RU2392676C1 - Device for washing pulp and residue - Google Patents

Abstract

FIELD: physics, nuclear.

SUBSTANCE: invention relates to atomic industry, in part to processing radioactive wastes and specifically to devices for jet washing pulp and residue when emptying high-activity radioactive wastes from storage tanks, converting them to suspended state for their further extraction for processing. The device for washing residue has an electric drive, a shaft, a working liquid inlet pipe, a housing, a working chamber and a washing head with a nozzle capable of penetrating and disintegrating the residue and a socket piece inside the working chamber and fitted coaxially with the shaft. The shaft can move vertically inside a gear wheel connected to the hollow shaft of the bearing assembly and engaged with the gear wheel on the shaft of the electric drive. There is a holder on the shaft above the gear wheel. Between the nozzle and the apparatus for penetrating and disintegrating the residue there is a conveyor screw with a load inside.

EFFECT: increased functionalities of the device due to prevention of vertical displacement of the shaft with a nozzle at certain levels in the pulp or residue, replacement of compression stress in sections of the shaft with tensile stress, and reduced deviation amplitude of the shaft with the nozzle under the effect of the reaction force of the jet flowing from the nozzle.

3 cl, 3 dwg

Description

The invention relates to the nuclear industry in terms of processing radioactive waste, and in particular to devices for jet washing out pulps and sediments when releasing storage tanks from high level radioactive waste, transferring them to a suspended state with a view to their further extraction for reprocessing.

A device for washing away sludge and decontamination is known, comprising an electric drive, a working fluid supply chamber, a cylindrical body, a shaft, a washing head consisting of a pair of bevel wheels with nozzles, half of the cut worm wheel, coupled to one worm, are mounted on the cylindrical body and shaft, and the body equipped with a nozzle position indicator. To control the device, an external remote control is provided that enables switching on, off, and reverse (see copyright certificate No. 1618180, class G21F 9/34, 1989).

A disadvantage of the known device is that the nozzle constantly performs a slow rotation around the horizontal pipe of the cylindrical body while rotating the entire device around a vertical axis. Sludge erosion carried out by constantly moving jets is not effective, because for the destruction of sediments and dense pulps, a longer exposure to jets directed in the same direction is necessary.

The device is controlled by a portable remote control providing on, off and reverse, which allows erosion of sediment along diverging or converging spirals. With large geometrical dimensions of storage tanks, unclear deposits of sediment may remain between the spirals.
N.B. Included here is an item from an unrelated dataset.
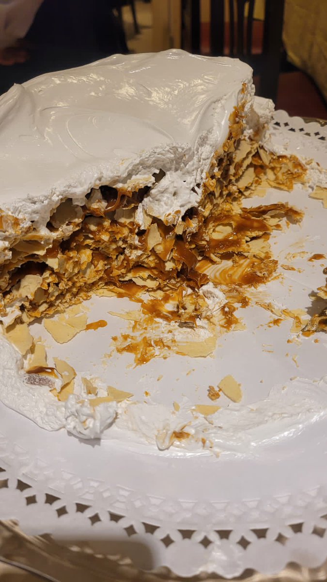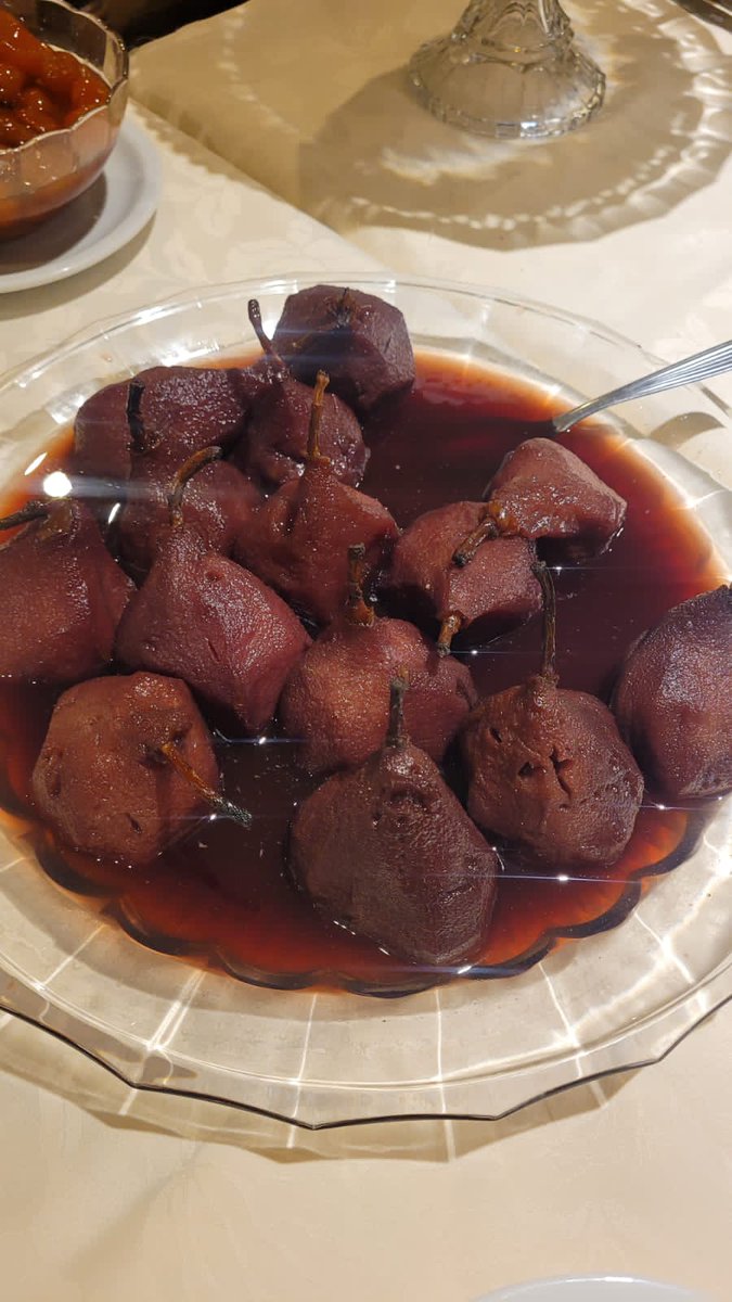 Cuando pensás que no podés comer más, viene la mesa de postres, en las que hay varias tortas, rogel, helado, peras al vino, higos, y otras cosas que no sé cómo se llaman.
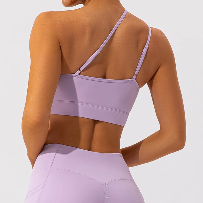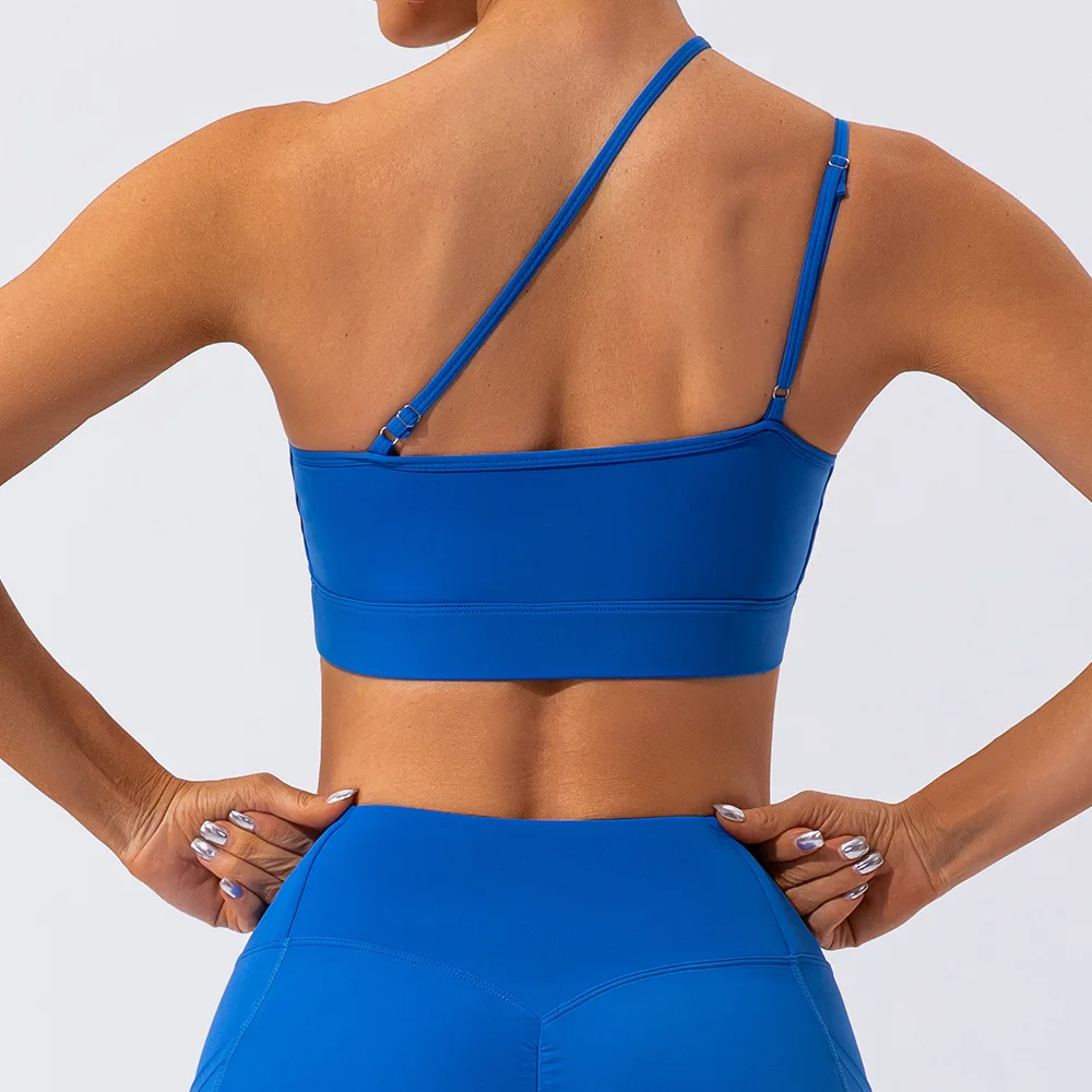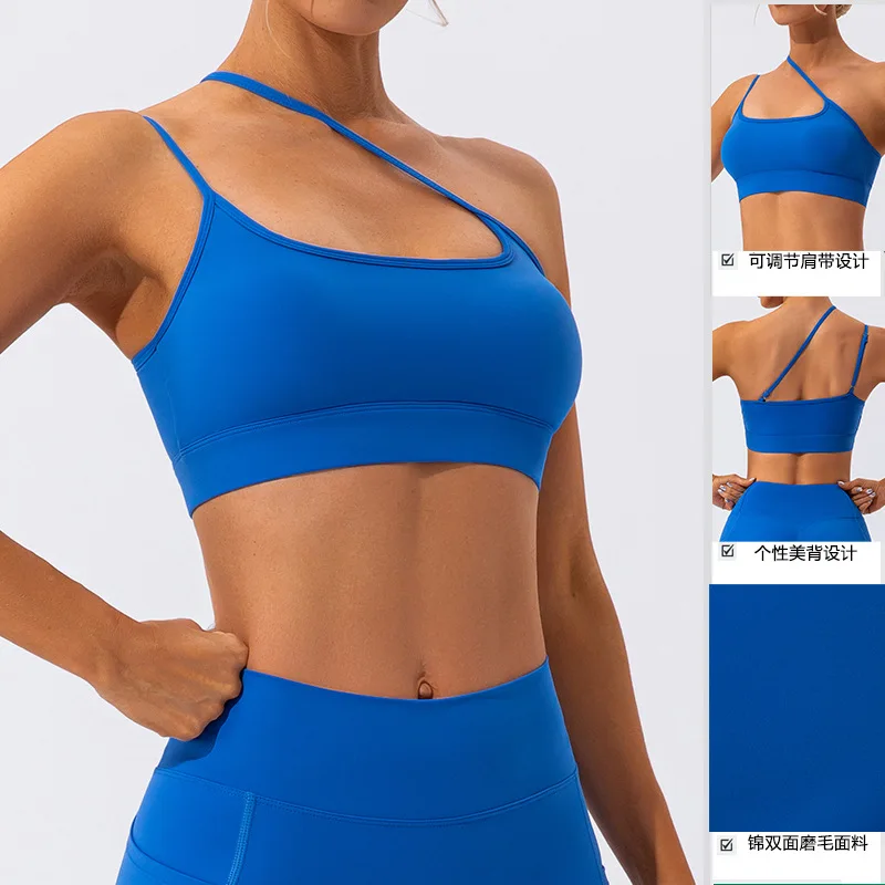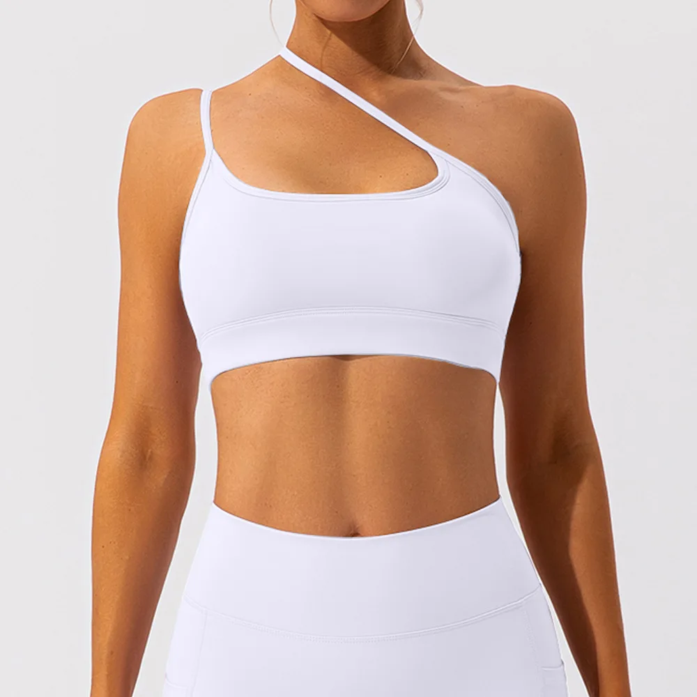 Product Name New Design Wholesale High Support Seamless Sport Bra One Shoulder Adjustable Spaghetti Strap Padded Women Sports Bra

The choice of erosion zones in the known device is carried out by reinstalling the limit switches on the device body located above the storage tank, which leads to increased radiation exposure to maintenance personnel.

When using the known device in deep containers, its considerable swinging occurs under the action of the reactive force of the jet flowing from the nozzle, which reduces the reliability of the device.

The use of an additional, oppositely directed nozzle to eliminate the oscillations of the device halves the flow rate of liquid through each nozzle and thereby reduces the range and impact force of the jet, and therefore the efficiency of the device in operation.

In addition, in some storage tanks with a depth of up to 30 m, the sediment layer height exceeds 20 m. The lower sediment layers, containing mainly aluminum hydroxide, acquired high density and strength during long-term storage under the influence of radiolysis and pressure of overlying sediment layers. Effective erosion and dissolution by reagents of such a precipitate is possible only with a constant maximum approximation of the jets of liquid flowing from the nozzle to the sediment.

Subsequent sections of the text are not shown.